Investigating the role of introns in the regulation of regenerating gene 1 expression.

Gastrin is a hormone that physiologically regulates gastric acid secretion and contributes to the maintenance of gastric epithelial architecture by regulating the expression of genes such as regenerating gene 1 (Reg1). Reg1 is involved in gastric carcinogenesis as an antiapoptotic factor. The current study explores the molecular mechanism of gastrin-regulated Reg1 expression in human gastric cancer cells. In total, five intron fragments of the Reg1 gene were cloned by polymerase chain reaction and inserted into luciferase reporter vector pGL3 to construct intron-luciferase reporter vectors. After confirmation by Xho I/Hind III digestion and DNA sequencing, the five constructs were transfected into the SGC7901 gastric cancer cell line. The luciferase activity of the cells transfected with each of the five constructs was detected following incubation without or with gastrin. The five intron fragments of Reg1 were also randomly labeled with digoxin as a probe, and nuclear proteins of gastric cancer cells were extracted following treatment with or without gastrin. Southwestern blotting was subsequently performed to detect transcription factors that bind to the introns. The results indicated that the luciferase activity was significantly higher in cells transfected with recombinant vectors containing introns 2, 3, 4 or 5 than that in the cells transfected with an empty vector (P<0.05). However, no statistically significant difference in luciferase activity was identified between cells transfected with pGL3-intron 1 and those transfected with pGL3-Basic (P>0.05). Following incubation with gastrin, no significant difference was identified (P>0.05). The five introns of Reg1 can bind a number of transcription factors and gastrin may affect this interaction. Introns 2-5 of Reg1 potentially have transcriptional control over gene expression in gastric cancer cells. In conclusion, gastrin may regulate the expression of the Reg1 gene via the interaction of the introns by binding to the transcription factors.

Introduction

Gastric cancer (GC) is a major cause of cancer-related mortalities worldwide (1). There are multiple pathogenic factors that may promote the development and progression of gastric cancer. Gastrin is a type of polypeptide hormone, secreted by G cells in the stomach and upper-section of the small intestines. Its role in the physiological regulation of gastric acid secretion has been well established (2). Additionally, gastrin contributes to the maintenance of gastric epithelial architecture by regulating the expression of genes such as plasminogen activator inhibitor 1 (PAI-1) (3) and regenerating gene 1 (Reg1) (4). Increased expression of gastrin has been demonstrated in the progression of intestinal gastric cancer (5).

Reg1 encodes a β-cell growth factor, Reg1 protein, primarily observed during pancreatitis and pancreatic islet regeneration (6,7).
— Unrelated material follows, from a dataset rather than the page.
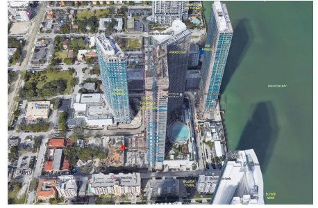
Built in 2019 - 313 units - 54 floors

Gran Paraiso Residences Address: 480 NE 31st St, Miami, FL 33137 Phone: +1 786-351-3342

Reg1 has also been referred to as pancreatic stone protein (PSP) (8), or lithostathine (9), according to different studies. The Reg family comprises of four subclasses (Reg1–4) (10) across species, with the majority of the orthologs belonging to the Reg1 and Reg3 groups. The Reg1 gene is approximately 3 kb in size, containing six exons and five introns, and is located at chromosome 2p12. An increasing number of studies have provided evidence of the participation of Reg1 protein in the proliferation and differentiation of diverse cell types (11,12). It has been demonstrated that Reg family members are associated with various pathologies, including diabetes, epithelial inflammation and a number of forms of cancer (13,14). Reg1 is predominantly expressed in enterochromaffin-like (ECL) cells, as well as pepsinogen-secreting chief cells, which are also a target of gastrin within the gastric epithelium (15). It has been proposed that Reg1 and gastrin may synergistically regulate gastric mucosal proliferation during certain pathological settings (16,17). Significantly less is known with regard to the transcriptional mechanisms by which gastrin may regulate genes involved in the maintenance of gastric epithelial architecture. It was previously reported that a C-rich region of the proximal promoter sequence of Reg1 is required for gastrin-stimulated expression in gastric cancer cell line, AGS (15), and that the expression of Reg1 is controlled through separate promoter elements −2111 and −104 bp by gastrin (4).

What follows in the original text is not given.